DIRECTIONS FOR THIS TASK:
Nothing but the lines from the one containing "62. Emerson /" through the last line of the records below should be copied, exactly and without pictures.

DATA EXTRACT:

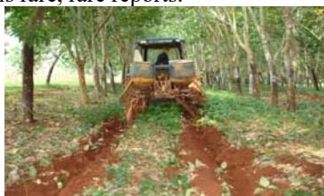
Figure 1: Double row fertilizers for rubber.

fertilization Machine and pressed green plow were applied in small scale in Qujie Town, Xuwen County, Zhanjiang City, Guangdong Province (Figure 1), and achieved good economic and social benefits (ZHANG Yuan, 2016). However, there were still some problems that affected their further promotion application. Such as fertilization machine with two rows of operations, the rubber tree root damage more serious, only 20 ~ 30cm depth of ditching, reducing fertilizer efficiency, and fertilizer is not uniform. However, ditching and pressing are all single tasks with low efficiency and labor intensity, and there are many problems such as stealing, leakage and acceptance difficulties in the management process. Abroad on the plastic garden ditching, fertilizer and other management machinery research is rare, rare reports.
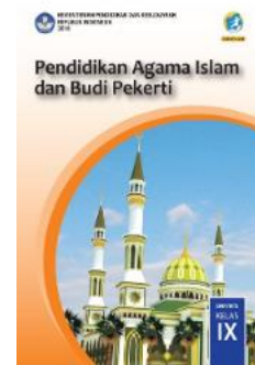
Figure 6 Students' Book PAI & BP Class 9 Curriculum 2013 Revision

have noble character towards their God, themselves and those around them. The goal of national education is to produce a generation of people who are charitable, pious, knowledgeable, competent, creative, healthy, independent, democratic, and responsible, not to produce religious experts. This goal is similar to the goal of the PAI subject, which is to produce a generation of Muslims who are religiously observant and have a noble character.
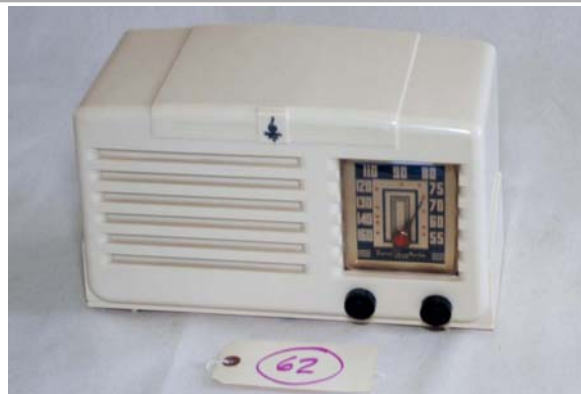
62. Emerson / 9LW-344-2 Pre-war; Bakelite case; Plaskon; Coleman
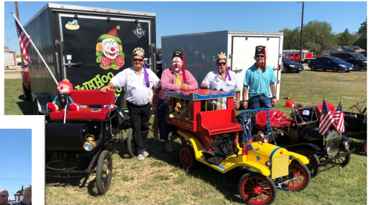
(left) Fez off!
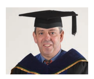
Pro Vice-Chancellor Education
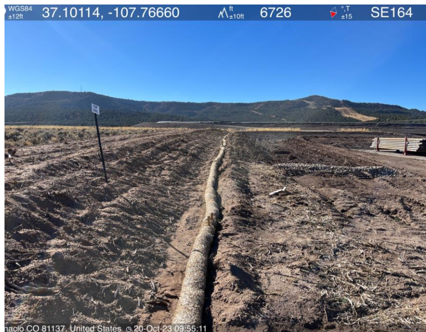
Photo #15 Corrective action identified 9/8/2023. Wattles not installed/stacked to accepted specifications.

OUTPUT:
62. Emerson / 9LW-344-2 Pre-war; Bakelite case; Plaskon; Coleman
(left) Fez off!
Pro Vice-Chancellor Education
Photo #15 Corrective action identified 9/8/2023. Wattles not installed/stacked to accepted specifications.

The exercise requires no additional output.